At its center, veiled in all those whirling nets of mist and light, lay the most incredible precipice in the galaxy. The event horizon of the supermassive black hole.
The accretion disk around the Well was a vast, whipping spiral of white and peach and gold, redshifting through orange into blood as it approached the center. Around the edge of the event horizon was a lensed ring of light—the image of everything behind the Well condensed and twisted into a torus by the profound space-time curvature invoked by its mass.
That was how, despite being a singularity from which no light escaped, the Saga-star was mistily visible, its deformed crescent of brilliant light a partial ring around a hopelessly dark center. It looked like images I’ve seen of how a partially eclipsed sun would look on a cloudy dia, if you were on the dirt downwell.

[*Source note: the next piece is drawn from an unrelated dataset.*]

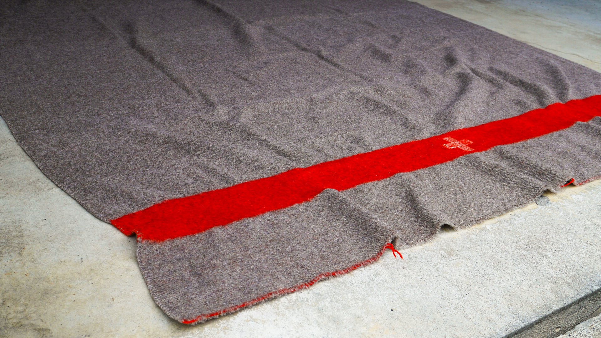 赤色のストライプにスイス軍を表す十字マークが織り込まれたスタイリッシュなデザインが魅力のミリタリーウールブランケット。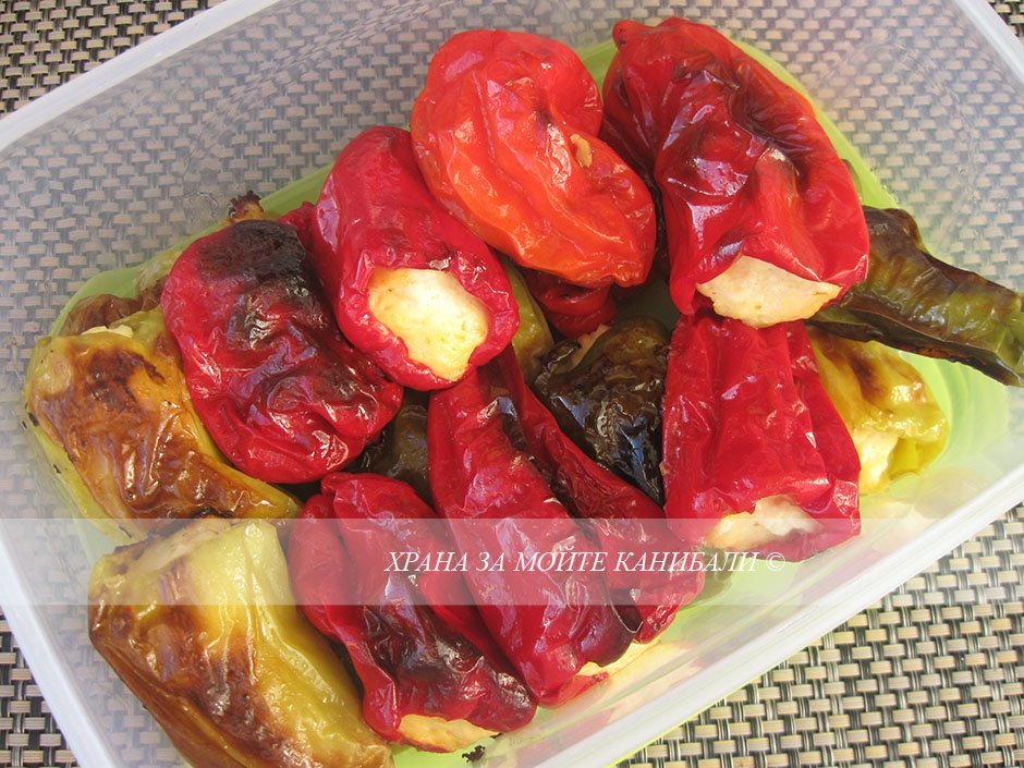 последните чушки от градината на мама, пълнени с яйце и сирене

The Saga-star was so enormous, so vast, that even a human with no more protection than a space suit could have approached that event horizon, sidled right up to it, without being ripped apart by the tidal forces. You’d be blinded by its light—which Singer was filtering for us—and die in a blaze of blueshifted radiation condensed out of the entire history of the universe before you could get close enough to die of being stretched to pieces.

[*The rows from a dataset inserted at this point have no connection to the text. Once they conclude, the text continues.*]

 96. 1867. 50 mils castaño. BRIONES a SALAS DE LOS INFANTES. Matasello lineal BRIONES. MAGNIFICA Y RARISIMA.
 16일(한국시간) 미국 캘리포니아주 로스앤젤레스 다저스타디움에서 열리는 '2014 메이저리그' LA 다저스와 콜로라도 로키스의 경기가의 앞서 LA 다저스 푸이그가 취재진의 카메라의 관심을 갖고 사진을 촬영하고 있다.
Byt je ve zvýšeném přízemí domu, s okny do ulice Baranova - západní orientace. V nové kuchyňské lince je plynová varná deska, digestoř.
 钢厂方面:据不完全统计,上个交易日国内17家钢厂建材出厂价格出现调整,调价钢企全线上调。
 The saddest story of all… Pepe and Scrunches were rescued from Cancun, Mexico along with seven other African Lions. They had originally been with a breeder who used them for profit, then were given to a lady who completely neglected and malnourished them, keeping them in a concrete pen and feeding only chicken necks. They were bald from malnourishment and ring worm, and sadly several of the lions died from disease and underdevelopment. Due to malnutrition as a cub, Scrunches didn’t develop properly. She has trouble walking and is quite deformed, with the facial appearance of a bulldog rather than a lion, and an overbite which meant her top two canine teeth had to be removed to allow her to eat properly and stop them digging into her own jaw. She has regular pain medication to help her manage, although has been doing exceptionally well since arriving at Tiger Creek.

The Saga-star whipped around at a tremendous rate of speed, much faster than the rotation of the accretion disk. That disk, and the relativistic jets careening forth at right angles from it, were not stable, stately spinning or fluttering objects such as you see in animations. Instead they roiled and twisted and barrel-rolled, as if the black hole were a giant marble wrapped in glowing fabric, spun at random.
It looked deadly and fierce, and the most amazing thing was that I wasn’t scared of it at all.
It was too big, too powerful, too amazingly beyond my comprehension. Its companion stars swung around it. A couple of them had worlds, two of those even inhabited. There were systers that had grown up here as species.
What would it do to your psyche if this were your sky? What would it do to the racial awareness of your species if this were their memory of their dirt-bound cradle, before they stepped out into the great emptiness beyond?
Except they’d never have a concept of emptiness, or maybe even darkness, because their sky was a brilliant dance. As I watched, a star slid behind the Well and was lensed around it, appearing as a bent-seeming, melted-looking ring surrounding the brighter crescent of the accretion disk.
It was—in the dictionary definition of the word—unfathomable.
Because Singer was filtering the image and tuning our senso, I could also make out what he saw in so much more defined detail than I could have with my naked human eye, including the towering fountains of X-rays spewing perpendicularly to the accretion disk from the poles of the rapidly spinning black hole.
The crescent shape of that visible accretion disk was not just an effect of gravitational lensing. It was also due to the fact that what we were seeing was not the light of the black hole itself, which of course did not emit any, which would be why it—and its lesser kin—were called black holes, after all. What we were seeing was radiation that had escaped the accretion disk, and the reason one side seemed so much brighter than the other was because that side of the accretion disk was rotating toward us at nearly the speed of light, so the escaping light—and other radiation—was being fired toward our observer position, while the other side was receding.
The black hole was an eerie sight, a mystical experience. Probably because I was importing an enormous weight of expectation to this glimpse of the powers of gravity. But also because here it was, the avatar of destruction, but also the engine that drove the great wheel upon which all life as we knew it depended.